In A Landscape. Credit: Arthur Hitchcock
In A Landscape | Credit: Arthur Hitchcock

After the first year’s Portland area tryout performances earned major grant support, Noack now drives the piano around the West on a custom-built trailer (both donated by a prominent Portland arts supporter) that converts into a stage. A canopy provides cover from rain, snow, fog, or blazing sunshine — all of which he’s encountered.

With its early success resulting in more financial support (that initial $6,500 grant has now turned into a million-dollar budget), the program has burgeoned, last year drawing more attendees — 16,000 — than the first six years combined. They receive far more invitations to perform (including recently the South and East Coast) than Noack can accept, since the performance window is confined to summer months. Many performances are sponsored by local supporters, and Noack’s team (including his mom, Lori) works year-round rounding up donations and grants to enable the project to reach areas that can’t afford their own local sponsorships.

The project has brought together Central and Eastern Oregon farmers, loggers and cowboys (some on horseback), Portland arts matrons, mountain bikers in Eugene, tourists, and other diverse audiences together. And thanks to free and reduced-price tickets for locals, Noack’s performances have exposed thousands of people to classical music who’d never imagine coming to a formal concert hall. According to the website, almost half the audience last year attended for free and for nearly a third, an IAL concert was their first experience with live classical music. “We’re bringing together people who wouldn’t ordinarily be in the same space,” Noack says.

Sometimes guests join him, from Native American flutists to the musicians of Pink Martini. Last year’s shows at Glen Ellen’s Jack London State Historic Park, for example, also featured live painters and a pair of local dancers.

“It was so beautiful,” recalls Susan St.Marie, the park’s Director of Program and Volunteer Management. “The weather was perfect. We have this great big open meadow area and people just brought their blankets, chairs, picnic baskets, bottle of wine. People wandered around. It was like a magical experience, and I don’t use that word often. You just lose yourself in the sound. I’m sure we introduced the park to people who’ve never been here before and will again this year. Everyone enjoyed it so much that I told [Noack] afterwards, ‘OK you’re coming back next year, right?’”

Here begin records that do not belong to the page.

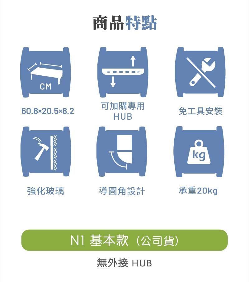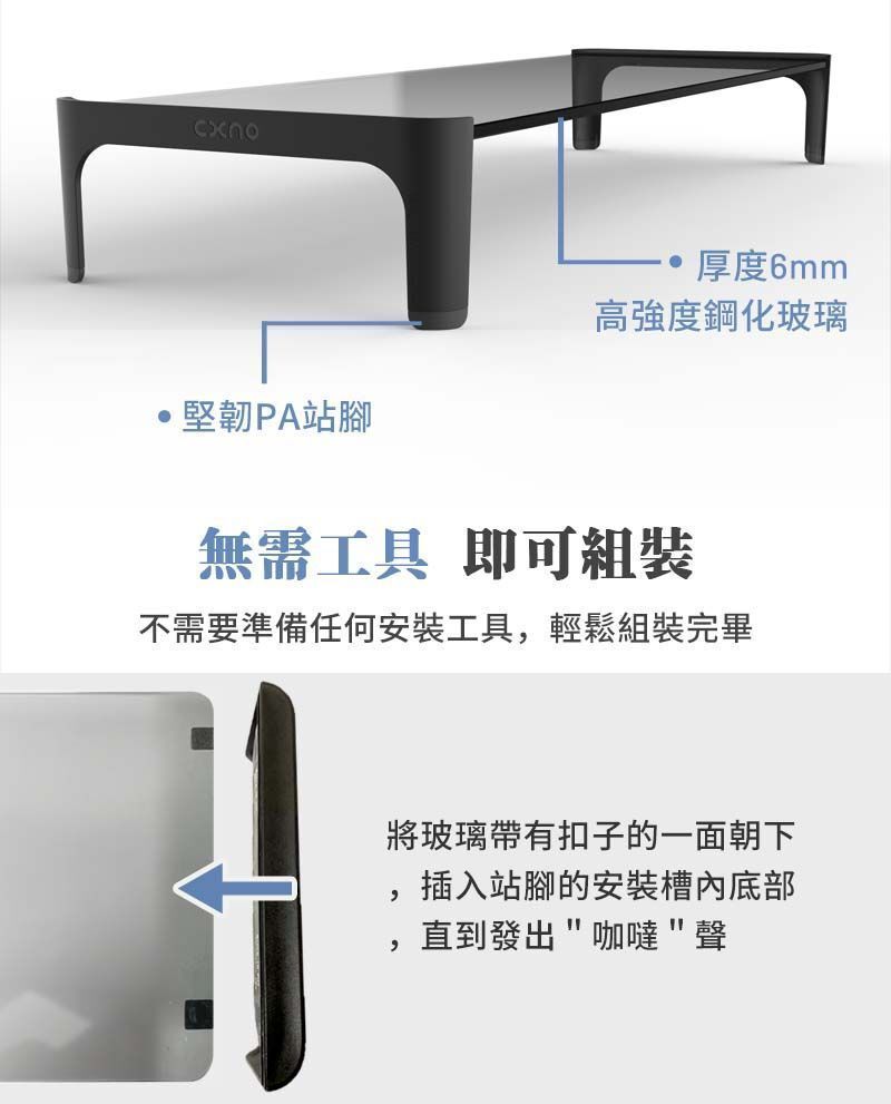 LAVA-CXNO 螢幕支撐架 N1 黑色 基本款 強化玻璃增高架 60.8x20.5x8.2cm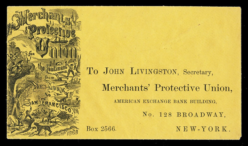 Advertising return cover, unused. "For the Continent from New York to San Francisco, 1868"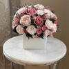 Изысканная композиция из стабилизированных белых роз разной величины и степень раскрытия, а также сочетание зелени различной фактуры.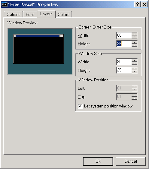 Щёлкни правой на Title Bar (где написано Free Pascal IDE), и выбери Свойства (Properties)!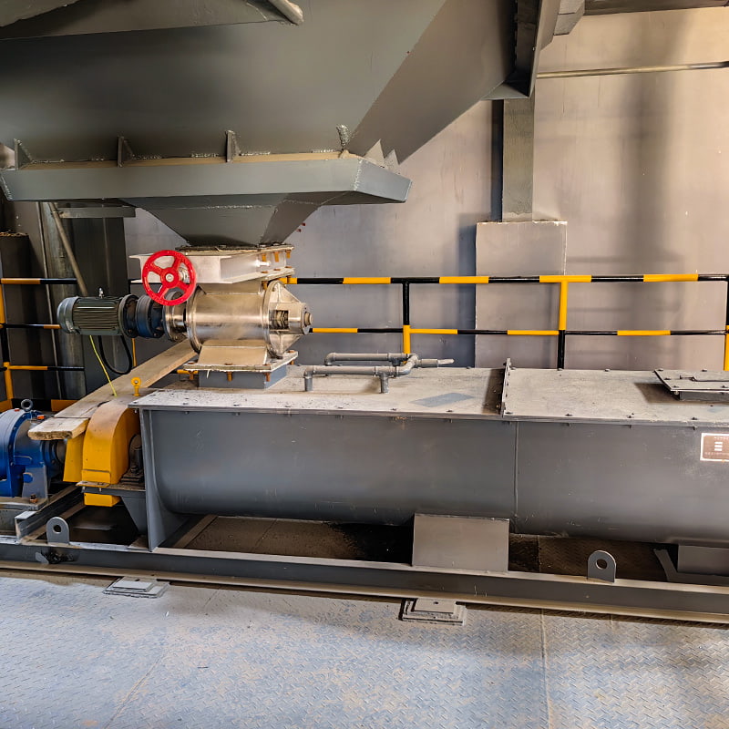 READ MORELe mélangeur humidificateur de poussière à double arbre utilise un réducteur à moulinet cycloïdal pour une rotation en douceur et un faible bruit. Le mélangeur est doté d'une alimentation par le haut et d'une décharge par le bas, ce qui donne une structure profilée. Des joints étanches entre toutes les surfaces de contact garantissent un fonctionnement fluide. Le mélangeur est doté d'un système d'humidification de l'eau pour assurer une application uniforme de l'eau, avec une alimentation en eau réglable pour répondre à la demande. Une pompe à huile manuelle fournit de manière centralisée de la graisse lubrifiante aux quatre roulements d'entraînement, ce qui rend le mélangeur facile à utiliser et à entretenir, efficace et rapide. Le mélangeur humidificateur de poussière à double arbre est un appareil très efficace pour agiter et mélanger des matériaux en poudre par pulvérisation d'eau.

Last year’s two shows drew more than 100 visitors, and this year’s ticket sales are nearing 200, with space remaining for another 200 at press time.

Even Noack has been surprised “at the level of intensity that people experience the music,” he says. “I think it has to do with being free to have whatever experience they want, to bring a picnic basket or a bottle of wine or climb a tree or take a nap, and because it’s so open ended, people are really able to relax into the place.”

With improved wireless tech and the piano rebuilt by Oakland’s John Callahan, Noack says the sound this year is now much refined. He now has a staff of four in Portland and a six-member summer road crew, and also draws on local volunteer support.

“It feels like I’m part of something, like we’re all in this together,” he says. “It’s my project, but it’s grown so much beyond me. We get to support a whole team of people who work on this all year round and travel around like a little circus. It still feels like a dream job.”